二人だけの空間で。
「……ところで、奏良先輩。少々、お着替えをしたいなと。少し、汗をかいてしまったようなので」
「……へっ? あっ、それでは僕は――」
「ああ、出ていかなくて構いませんよ? ひとまず、後ろだけ向いていただければ」
「……そう、ですか」
その後、ややあって襟元をパタパタさせつつ口にする白河さん。まあ、ずっと体操服だしね。……ただ、その仕草はちょっと目の遣り場に困るけども。
ともあれ、いったん外に出ようとした僕の裾を掴み留める白河さん。とは言え、心臓に悪いので僕としては出ておきたいところなんだけど……心做しか、ここにいろと言わんばかりに裾を掴む力が強くなって……うん、どして?
そういうわけで、終わったら教えてくださいと告げ後ろを向いているわけだけれど……うん、ほんと心臓に悪い。いや、よくよく考えたら今更こんなことで緊張する関係でもない気はするけども――
「……ん?」
「ん、どうかなさいましたか先輩?」
「……あ、いえ……」
ふと、声を洩らす僕。そして、そんな僕に不思議そうな声音で問い掛ける白河さん。……いや、別段何というわけではないのだけど……ただ、余りに無音なのが気になって。と言うのも……こう、着替えの時に生じる音がまるで聞こえてこなくて。この距離、そしてこの静謐な空間なら少しくらいは聞こえてきそうなものだけど……ひょっとして、僕の心音がうるさすぎる?

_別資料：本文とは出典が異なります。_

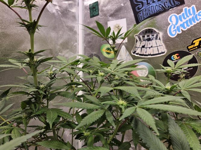 Inside_growlab Our White Runtz is starting to form its first flowers. I'm considering defoliating a little earlier than usual, but this time I may have cut too little before flowering, and to be honest, I'm not up for tiny, crappy buds.
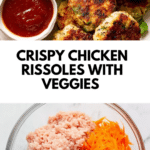 These Chicken Rissoles are flavorful, tender patties made with ground chicken, grated vegetables, cheese, and breadcrumbs. Pan-fried to a golden perfection and kept warm in the oven, they’re perfect as a snack or main dish served with ketchup for dipping. With a good mix of protein and veggies, they’re a tasty and satisfying option for the whole family.

……いや、でもそれ以前に……そもそも、ここに着替えなんて持ってきてたっけ? ……それに、そもそも着替えの際に後ろを向くよう言われたことは一度も――
「――っ!!」
刹那、思考が止まる。何故なら――卒然、僕の首を見蕩れるほどに綺麗な両の手がそっと包んだから。
「……あの、白河さん……?」
そう、ポツリと呟く。……いったい、どうしたのだろう? ……あっ、ひょっとしてバランスを崩し――
「……ああ、やっぱり最高ですね……先輩の匂いは」
「……へっ?」
「……これも、まだ言ってませんでしたが……本当に、嬉しかったのですよ? あの桜野先輩との二人三脚を辞退してまで、私に寄り添ってくれて……そして、今もこうして一緒にいてくださってることも」
「……白河さん」
「……もちろん、分かっています。私だから、ではないことくらい。友人が……いえ、友人でなく少し話した程度の関係でも、あの状況なら同じように寄り添う――貴方が、そういう優しい人であることは」
そう言って、後ろからぎゅっと抱き締める白河さん。背中に感じる温もりに、その柔らかな感触に否が応でも身体が熱を帯びてくる。
「……でも、それでも嬉しかった。大好きな桜野の先輩とのまたとない機会を放棄してまで、私の傍にいることを選んでくださったことが。……ここまで、ずっとどうにか堪えてきましたが……もう、無理そうです」
「……ですが、流石に今は……」
「……見つかったらマズい、ですか? ご心配には及びません。遠目からでも分かりますが、皆さんお祭りに夢中……誰も、このような校舎の一室に出向く人などいませんから」
そう、耳元で囁く白河さん。その甘い声音が、吐息が蕩けるように脳を溶かし思考を鈍らせる。……うん、そうなのだろう。今、ここに来る人はきっといない――ただ、二人だけの空間で。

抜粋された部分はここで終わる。